These examples remind me of the “point at infinity” in elliptic curve crypto or fake particles in physics or fake lattice elements in various fields of CS2. Sometimes, for something to make sense, you add in things that don’t normally exist. Similarly, these examples may contain code which is not traditional Rust style, but the import system still makes more sense when you include them.

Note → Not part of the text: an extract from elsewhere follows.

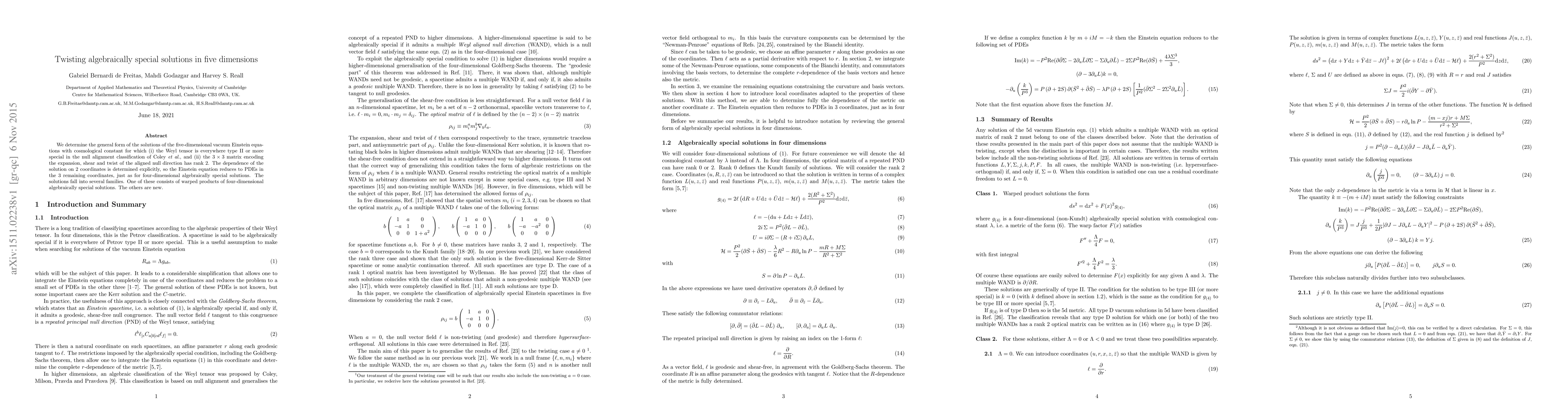 This paper identifies the general form of five-dimensional vacuum Einstein solutions with a cosmological constant where the Weyl tensor is type II or more special, and the expansion, shear, and twist matrix has rank 2. The solutions are categorized into families, including warped products of four-dimensional algebraically special solutions, alongside new, distinct families.

The core confusion behind how imports work can really be resolved by remembering two rules:

  • use foo::bar::baz resolves foo relative to the root module ( or
    • You can resolve relative to the current module by explicily trying use self::foo::bar::baz
  • foo::bar::baz within your code3 resolves foo relative to the current module
    • You can resolve relative to the root by explicitly using ::foo::bar::baz

That’s actually … it. There are no further caveats. The rest of this is modelling what constitutes as “being within a module”.

Let’s take a pretty standard setup, where extern crate declarations are placed in the the root module:

extern crate regex; mod foo { use regex::Regex; fn foo() { // won't work // let ex = regex::Regex::new(""); let ex = Regex::new(""); } }

When we say extern crate regex, we pull in the regex crate into the crate root. This behaves pretty similar to mod regex { /* contents of regex crate */}. Basically, we’ve imported the crate into the crate root, and since all use paths are relative to the crate root, use regex::Regex works fine inside the module.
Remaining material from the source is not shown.